Disk IO Performance stats
Collecting I/O performance metrics
We started to collect quite precise disk performance stats. First week of data is here!
These stats are collected from the lowest service to the highest, a significant portion is already being monitored this meticulously.
This includes the low-end Entry20 plans and Free seedboxes, as well as the highend Dragon, SSD and Dediseedbox plans!
What really is new, is that we are collecting this data straight to our automation system to be able to provide better provisioning algorithms to choose lower utilization server. However, these stats really reveal that there’s not much need for that, only to spot overloaded servers easier. We are using the linux iostat utility to collect this data.
The week average for all servers are:
Average disk utilization % is 21.18
Average IOPS Read: 302.88
Average IOPS Write: 37.02
Average Throughput Read: 90.09MB/s
Average Throughput Write: 2.69MB/s
Average service time: 4.88msec
Disk utilization % is not disk capacity, but from performance stand point.
What do these performance stats reveal?
All of the servers are very high performing and well utilized, but also far from their maximum performance capability, leaving very nicely room for peak periods!

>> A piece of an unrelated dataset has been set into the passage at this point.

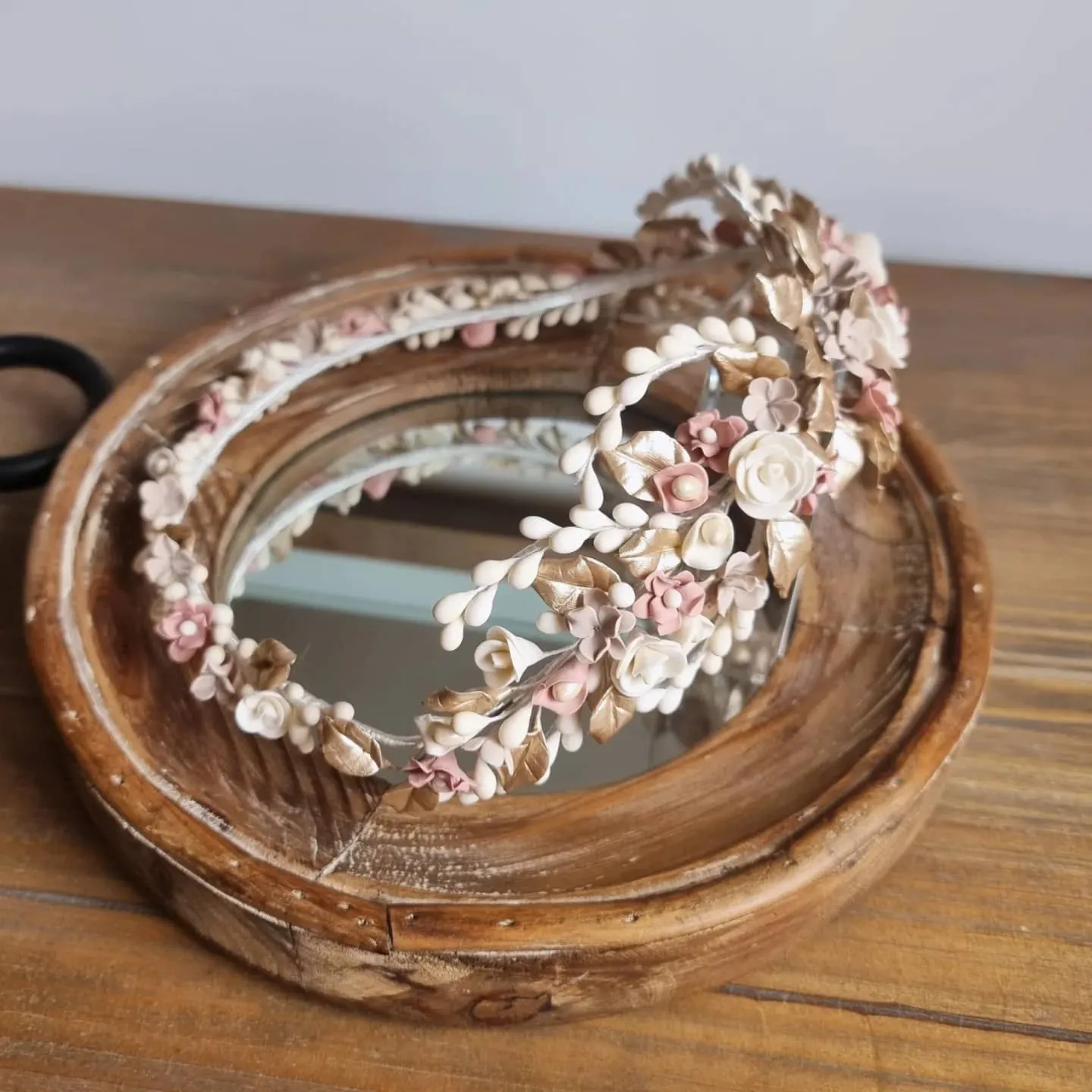 Corona de novia artesanal, elaborada a mano con delicadas flores en tonos marfil y suaves matices empolvados, combinadas con hojas doradas que aportan un sutil brillo. Su diseño ligero y armonioso envuelve la cabeza con naturalidad, creando un efecto etéreo y sofisticado. Ideal para novias que buscan un toque romántico, femenino y atemporal en su gran día.

There really is very very little writing on these devices, this speaks for the case of SSDs which have finite write cycles.
Service time, is the latency for IO requests, 4.88msec is AMAZING, considering disk seek average is supposed to be around 7.9msec. This means all the various optimizations and caching methods are really working well! 🙂 What does this tell is that SSDs might not be as advantageous as previously assumed, their strongest point is the extremely low service times, which allows for very high IOPS figures.
Disk utilization percentage is very low, which means there is plenty of room for temporary heavy activity (archiving, chunk checksumming etc.), and this again speaks against SSDs: If magnetic drives are really performing this well, the gain from SSDs might be marginal in the big picture.
We will be monitoring these, and coding tools to better analyze the data. These are just the first averages, and we will gain a better picture in longer run as we start looking for medians, peaks, lows, categorize by server type etc.